[Opening Exercise material section]
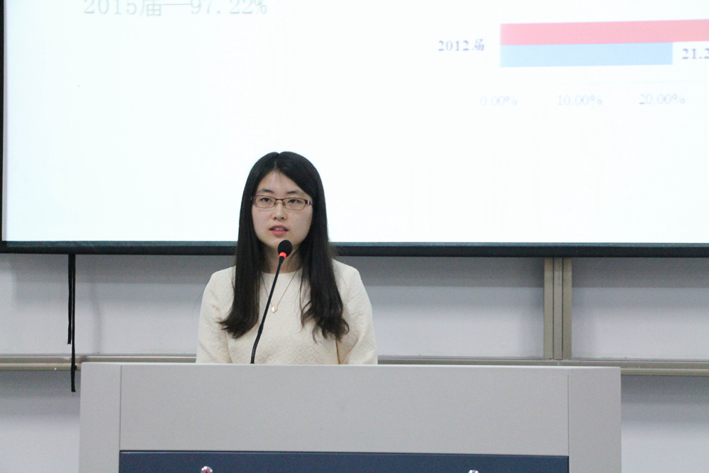最后,赵梓杉老师根据往届毕业生升学就业情况做了详细介绍。对于免研,就业以及出国等各个方面的规划也都给出了指导性的建议。在该环节,赵老师结合数据图表为在座的同学们总结了一些就业过程中的共性问题,并希望13级同学在未来升学就业过程中能够采取主动的态度,通过学校就业指导中心网站等渠道搜集更多的信息帮助自己寻找更适合的发展空间。
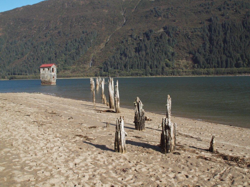 Sunshine powered through the forest canopy, raising the candlepower of yellowing devil’s club leaves beyond what my old DSLR could handle. Aki must has been squinting her eyes. We moved to an overlook where through a double chain link fence we watched a stream plunge several hundred feet into the flooded glory hole. Anywhere but here, where every mountain hosts at least one waterfall, this one would be mentioned in tourist material. Only locals can find this waterfall, and only those willing to climb the fence can see it’s entire length.
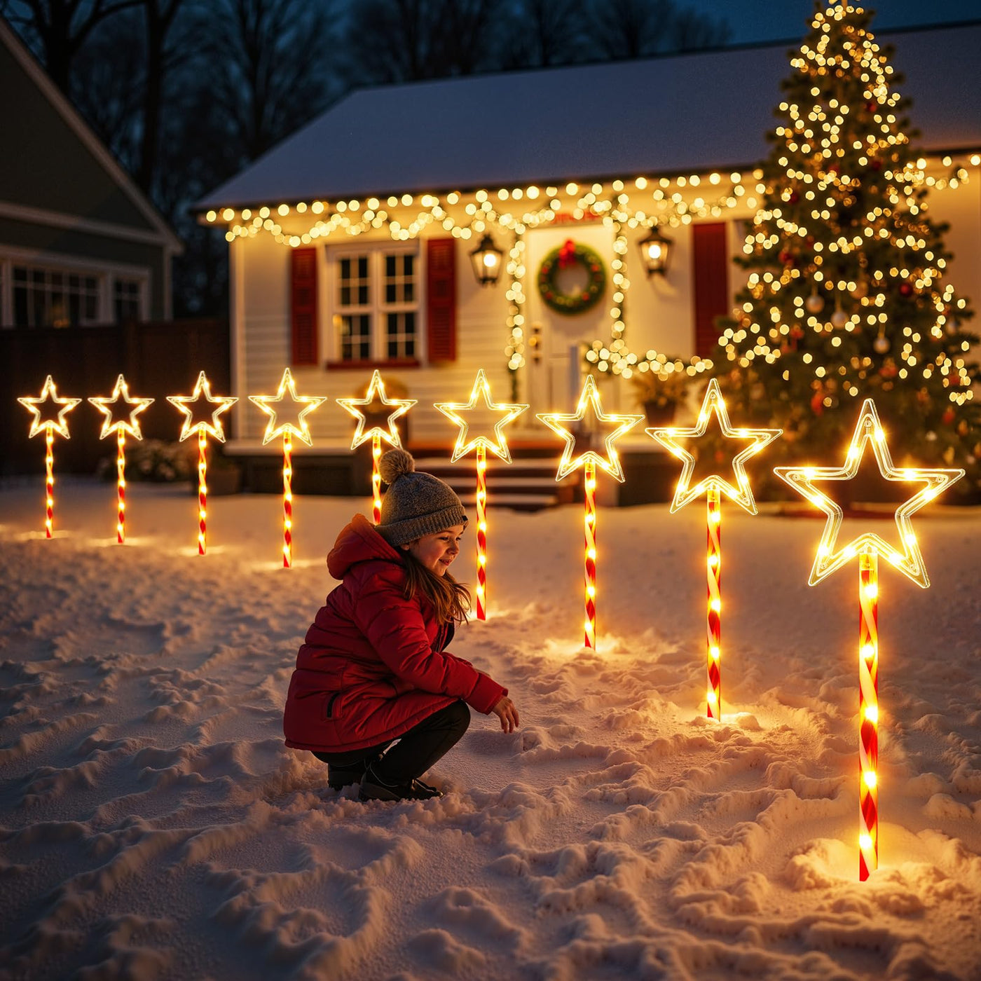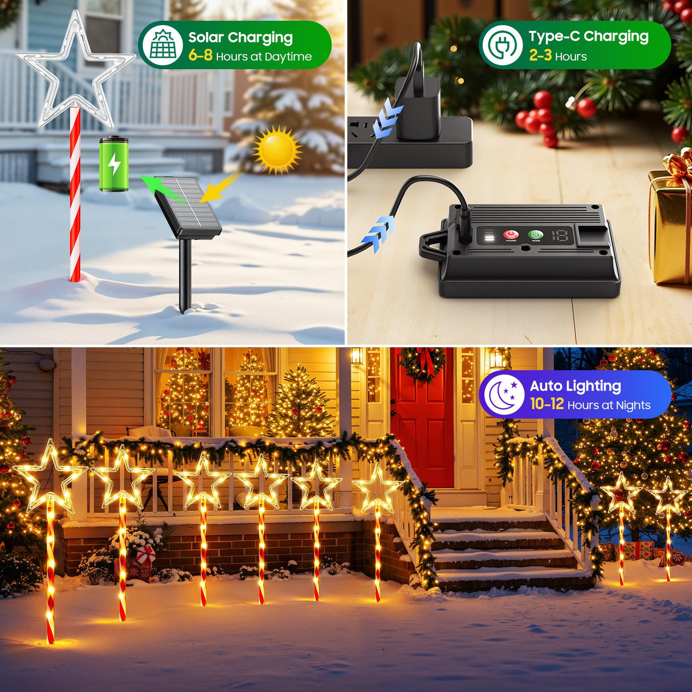 Illuminate Your Holidays With Our 12-Pack Solar Christmas Star Lights! These Large Twinkling Stars Feature 180 Ultra-Bright Warm White Leds And 10 Versatile Lighting Modes For A Custom Display. Fully Solar-Powered For Easy Cord-Free Installation They Are Weatherproof For Outdoor Use. Perfect For Lining Pathways Decorating Your Yard Or As A Unique Christmas Gift. No Outlets No Wires Just Magical Energy-Saving Ambiance.
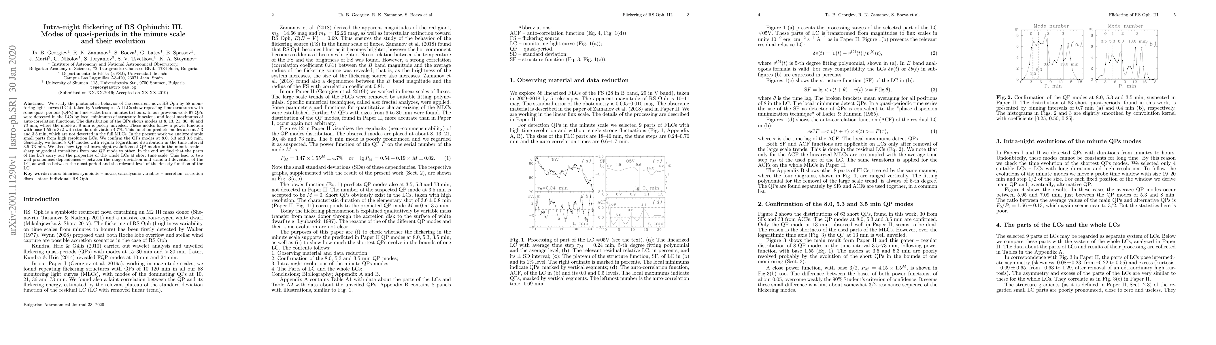 We study the photometric behavior of the recurrent nova RS Oph by 58 monitoring light curves (LCs), taken by 5 telescopes. All LCs show repeating time structures with some quasi-periods (QPs) in time scales from minutes to hours. In our previous work 97 QPs were detected in the LCs by local minimums of structure functions and local maximums of auto-correlation functions. The distribution of the QPs shows modes at 8, 13, 21, 30, 48 and 73 min, where the mode at 8 min is poorly unveiled. These modes follow a power function with base $1.55\approx 3/2$ with standard deviation 4.7%. This function predicts modes also at 5.3 and 3.5 min, which are not detected in the full MLCs. In the present work we analyze simple small parts from high resolution LCs. We confirm the QPs modes at 8.0, 5.3 and 3.5 min. Generally, we found 8 QP modes with regular logarithmic distribution in the time interval 3.5-73 min. We also show typical intra-night evolutions of QP modes in the minute scale -- sharp or gradual transitions from one QP mode to other. In the end we find that the parts of the LCs carry out the properties of the whole LCs at short time scale. This lead to two well pronounces dependences - between the range deviation and standard deviation of the LC, as well as between the quasi-period and the relevant level of the density function of the LC.
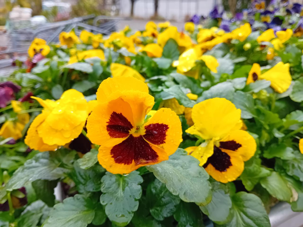 Pensée à grosses fleurs. Fleurs jaunes avec une macule noire
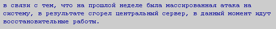 (по секрету) Я так думаю, что хакеры не только зафлудили весь сервак, но еще и флейм там кошмарный развели, из-за чего сервер и погорел, бедолага.
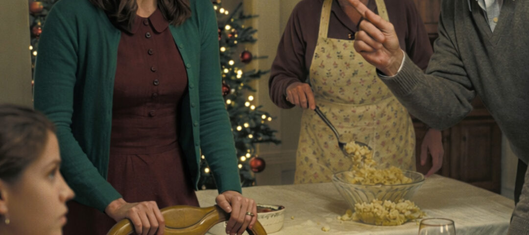 The lights on the tree flickered, the silver ornaments trembling as if they could feel what was coming. My mom froze with a serving spoon in her hand, mashed potatoes sliding off in a slow, pale avalanche onto the good tablecloth. Caroline’s husband reached for the gravy like nothing had happened.
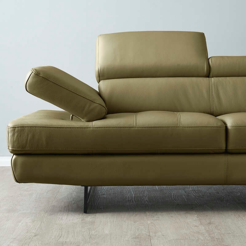 The adjustable headrests offer personalised comfort, while the wide seats filled with high-density foam provide optimal relaxation. Black legs add a sleek contrast, completing the contemporary look of the sofa.
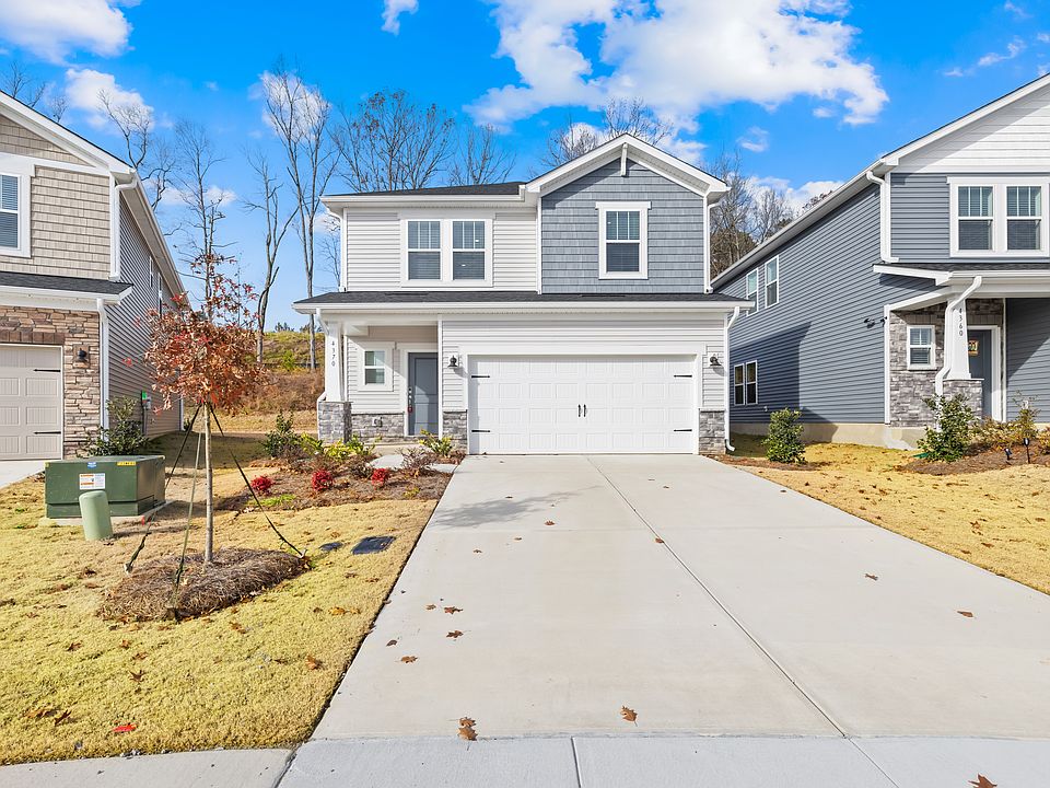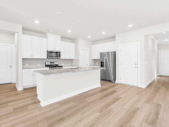 This brand-new, energy-efficient single-family home, nestled in a peaceful cul-de-sac within the Childers Park community, is ready for you! The first floor boasts a 2-car front-load garage, a private wooded backyard, a modern kitchen with white cabinets, granite countertops, stainless steel appliances, and a tile backsplash, as well as a spacious living room. A guest bedroom with a full bath completes the main level, offering convenience and flexibility.
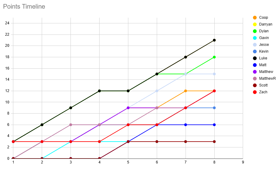 And as for the table, congratulations to Jesse for being the group stage champion! He put together an impressive 8-0-0 performance to pick up a maximum 24/24 points! He has qualified directly to the quarter finals, along with Zach, Dylan, and myself. This means that Chris and Kevin, who were both in the top 4 at the start of the week, have earned a single week playoff bye instead. They are joined by Luke and Darryan, who round out the top 8. Darryan actually knocks MatthewR out into 9th with his loss this week, so he will play in the first playoff round and is joined by John, ZachA, Mack, Alex, Andrew, Matthew2, and Matt.
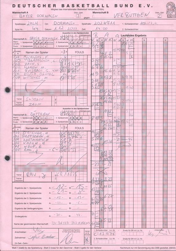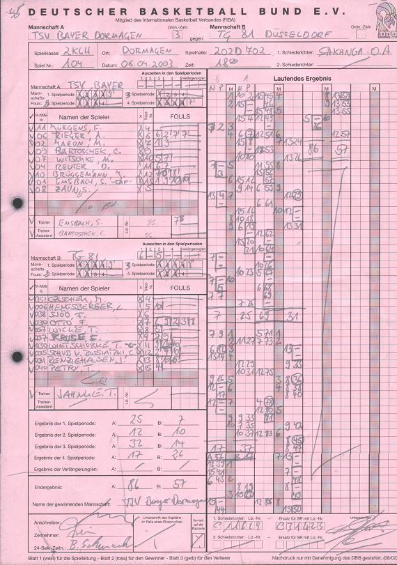 TSV Bayer Dormagen III nur mit 82:48 gegen die überforderten Spieler der TG 81 Düsseldorf gewonnen :).
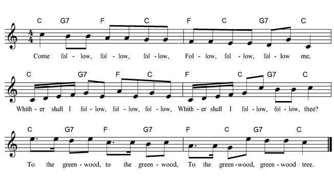 Come, follow, follow, follow, Follow, follow, follow me. Whither shall I follow, follow, follow, Whither shall I follow, follow thee. To the greenwood, to the greenwood, To the greenwood, greenwood tree. |
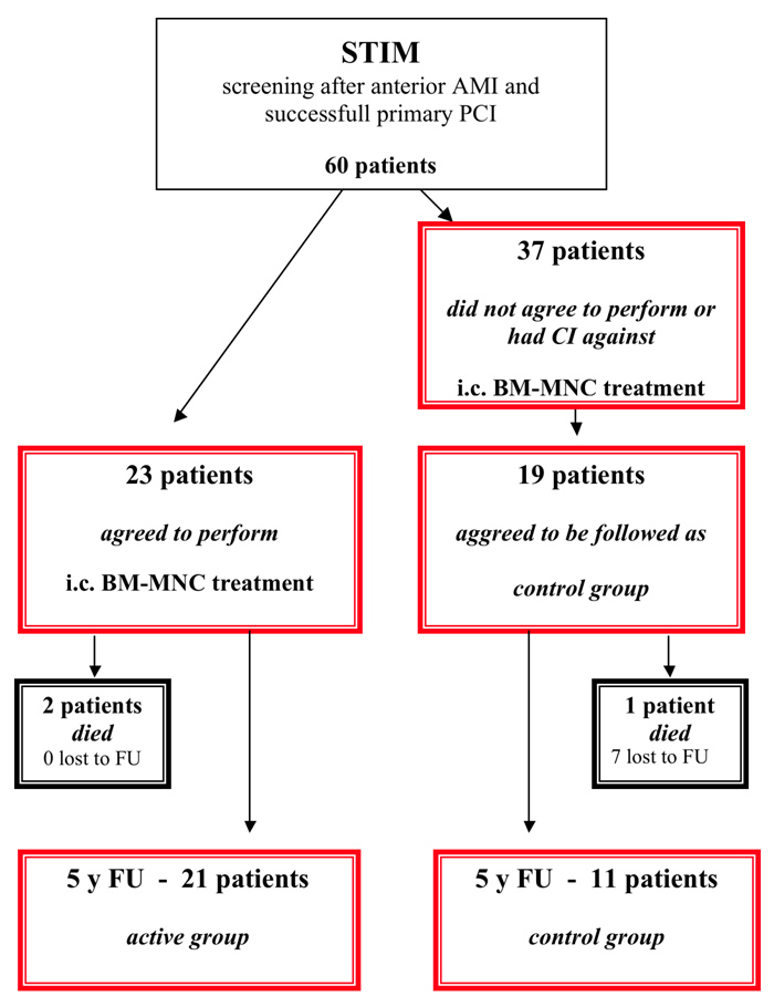 We aimed to evaluate long-term (5 years) efficacy results of Stem Cell Transplantation in Ischaemic Myocardium trial (STIM), a single centre trial including patients with recent AMI treated by intracoronary BM-MNC administration.
[Closing Exercise material section]
Activity – Exact copy, pictures excluded: every line above from the one containing "We study the" to the one containing "The lights on", inclusive, and nothing more.

Exercise response –
 We study the photometric behavior of the recurrent nova RS Oph by 58 monitoring light curves (LCs), taken by 5 telescopes. All LCs show repeating time structures with some quasi-periods (QPs) in time scales from minutes to hours. In our previous work 97 QPs were detected in the LCs by local minimums of structure functions and local maximums of auto-correlation functions. The distribution of the QPs shows modes at 8, 13, 21, 30, 48 and 73 min, where the mode at 8 min is poorly unveiled. These modes follow a power function with base $1.55\approx 3/2$ with standard deviation 4.7%. This function predicts modes also at 5.3 and 3.5 min, which are not detected in the full MLCs. In the present work we analyze simple small parts from high resolution LCs. We confirm the QPs modes at 8.0, 5.3 and 3.5 min. Generally, we found 8 QP modes with regular logarithmic distribution in the time interval 3.5-73 min. We also show typical intra-night evolutions of QP modes in the minute scale -- sharp or gradual transitions from one QP mode to other. In the end we find that the parts of the LCs carry out the properties of the whole LCs at short time scale. This lead to two well pronounces dependences - between the range deviation and standard deviation of the LC, as well as between the quasi-period and the relevant level of the density function of the LC.
 Pensée à grosses fleurs. Fleurs jaunes avec une macule noire
 (по секрету) Я так думаю, что хакеры не только зафлудили весь сервак, но еще и флейм там кошмарный развели, из-за чего сервер и погорел, бедолага.
 The lights on the tree flickered, the silver ornaments trembling as if they could feel what was coming. My mom froze with a serving spoon in her hand, mashed potatoes sliding off in a slow, pale avalanche onto the good tablecloth. Caroline’s husband reached for the gravy like nothing had happened.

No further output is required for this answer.